An earlier example of Rosner’s use of textile imagery may be familiar to frequenters of Museum London — She is Lost Forever (1992) was featured in the 2018 show Embodiment. In this enormous painting, an abstract tempest of red, gold and blue brackets a historical portrait of a noblewoman, whose head and lower half are interrupted by an intricate carpet and a unicorn tapestry. Weaving, abstraction and portraiture are contrasted in one of Rosner’s signature segmented compositions. Another striking example is Still Life with Lace Tablecloth (1998–99) from the collection of McIntosh Gallery, where abstract bands resembling yellow clouds and dark mountaintops are paired with a pile of headless fish, hypodermic needles and a close-up of Battenburg lace.

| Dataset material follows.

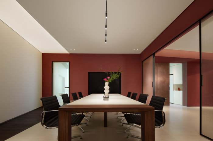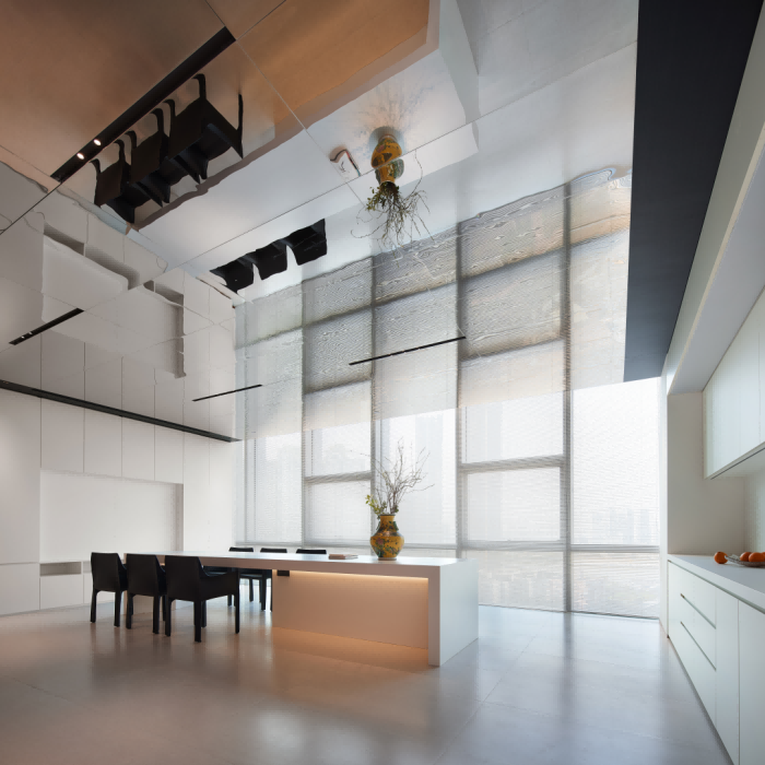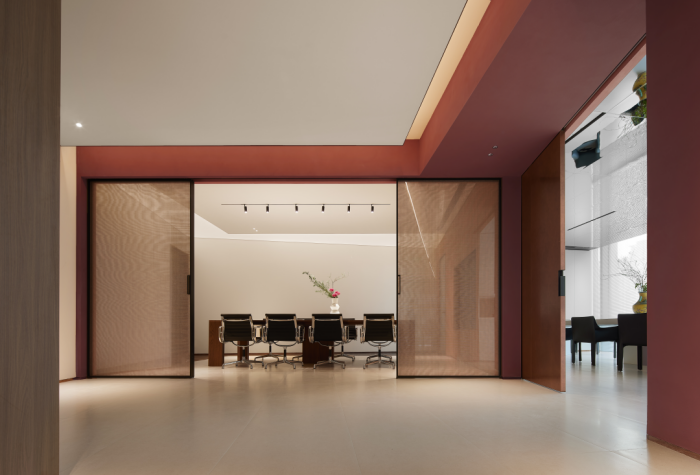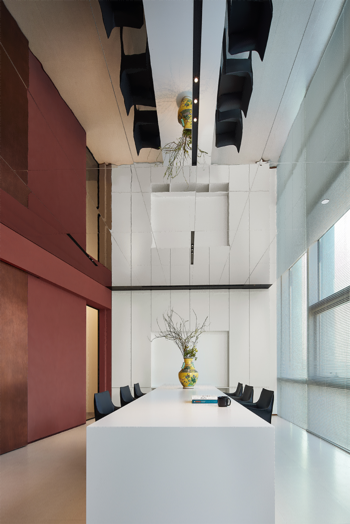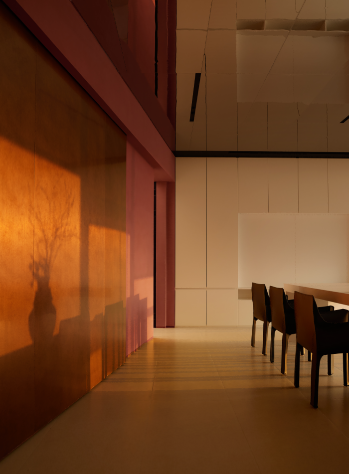 辦公室不同于尋常的辦公空間,以體驗(yàn)式的空間形態(tài)呈現(xiàn),情緒逐漸由外至內(nèi)轉(zhuǎn)變,變得安靜柔和。在感知層面,設(shè)計(jì)師通過設(shè)置明顯斜角和落地窗前的斑駁光波反射,增加空間的層次感和立體感。在視覺層面,設(shè)計(jì)師通過斜面的設(shè)置和不同材質(zhì)的運(yùn)用,改變空間的視覺效果,增添更多表現(xiàn)力和質(zhì)感。在敘事層面,設(shè)計(jì)師通過創(chuàng)造一個(gè)有趣的空間邏輯,將生活融入空間的細(xì)節(jié)中,讓使用者自主發(fā)現(xiàn)。

“Perhaps we are returning to the view that ornament and decoration express a profound aspect of our lives: the need for order and ritual,” pondered Rosner in 1999, speaking to the rekindled interest in decorative arts thatwas taking place at the end of the millennium, and which continues into the present. “We are acknowledging our observation of patterns in the environment, our connection with the cycles of nature, and the significance of the repetitions and ceremonies of daily life” (“Thelma Rosner and James Patten in conversation,” Thelma Rosner — Still Life, 1999).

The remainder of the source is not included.